I took these steps from this knowledge base, which has some more details: https://repost.aws/knowledge-center/eks-troubleshoot-oidc-and-irsa. Also the documentation for IRSA might be helpful: https://docs.aws.amazon.com/eks/latest/userguide/iam-roles-for-service-accounts.html

The original report says it was working on 1.27, so there might be something else going on here, but these are the first things to check. If that still doesn't fix the issue, try to verify that the IRSA credentials getting into the driver container with a command like this: kubectl exec s3-csi-node-XXXXX -i -t -n kube-system -- env (you'll need to get the pod name from your cluster). There should be the following env variables: AWS_ROLE_ARN, AWS_WEB_IDENTITY_TOKEN_FILE, and AWS_STS_REGIONAL_ENDPOINTS. If that is all present, there may be a driver issue getting that context down to the mount process.

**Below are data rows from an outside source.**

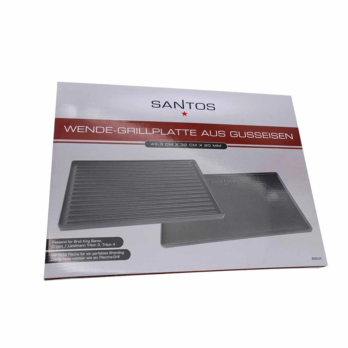 Die wendbare Grillplatte könnt Ihr ganz einfach anstatt zwei Grillrost-Elemente verwenden und beidseitig nutzen. Sie ist passgenau einsetzbar und bildet mit dem angrenzenden Grillrost eine ebene Fläche – so bleibt alles an seinem Platz und die vorhandene Grillfläche wird optimal genutzt. Je nach Bedarf kann die glatte oder die geriffelte Seite benutzt werden. Mit gleichmäßiger Wärmeverteilung und optimaler Hitzespeicherung sorgt die gusseiserne Griddleplatte von SANTOS für perfekte Grillergebnisse.
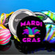 Mostre seu espírito do Mardi Gras com este botão divertido e festivo! Com um chapéu colorido em roxo vibrante, verde e amarelo, é o acessório perfeito para qualquer celebração do Mardi Gras.
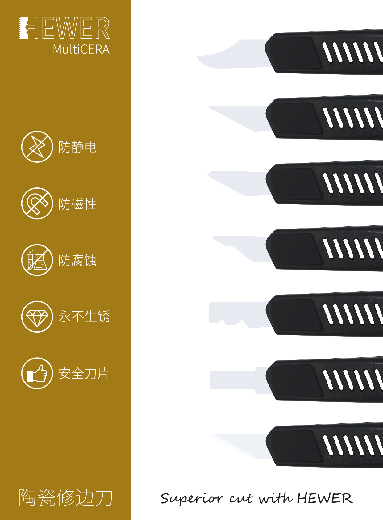 HEWER MultiCERA 安全陶瓷修邊刀可配合多款不同形狀的刀片使用,讓您在不同角度下進(jìn)行工作。而其刀柄除了采用超耐用的玻璃尼龍材質(zhì),還附有備用刀片庫,可讓您輕易地在多款刀片之間進(jìn)行切換,方便又好用!HEWER MultiCERA 安全陶瓷修邊刀擁有特別設(shè)計(jì)的纖細(xì)刀柄,可讓您以各種刁鉆的角度,將刀片伸至許多難以觸及的地方來進(jìn)行切割作業(yè)。
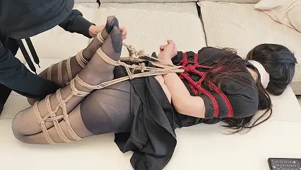 被绑起来的露露用脚玩游戏,不但上身被绑成日式,腿部也用折腿的姿势,既不能移动身子也无法弯曲双腿,玩法是用脚玩游戏,掉血会触发大腿和屁股的电击贴片增加数值。

ali-panahi commented 2 months ago

Hello @jjkr Thanks, but as mentioned in official documents https://github.com/awslabs/mountpoint-s3-csi-driver/blob/main/examples/kubernetes/static_provisioning/static_provisioning.yaml We expect it should have worked on all namespaces without creating specific service account on specific namespace and passing service account option to pod while we are using s3-csi-driver.

note: We are using [Mountpoint for Amazon S3 CSI Driver] add-on, and service account: s3-csi-driver-sa has been deployed on kube-system namespace.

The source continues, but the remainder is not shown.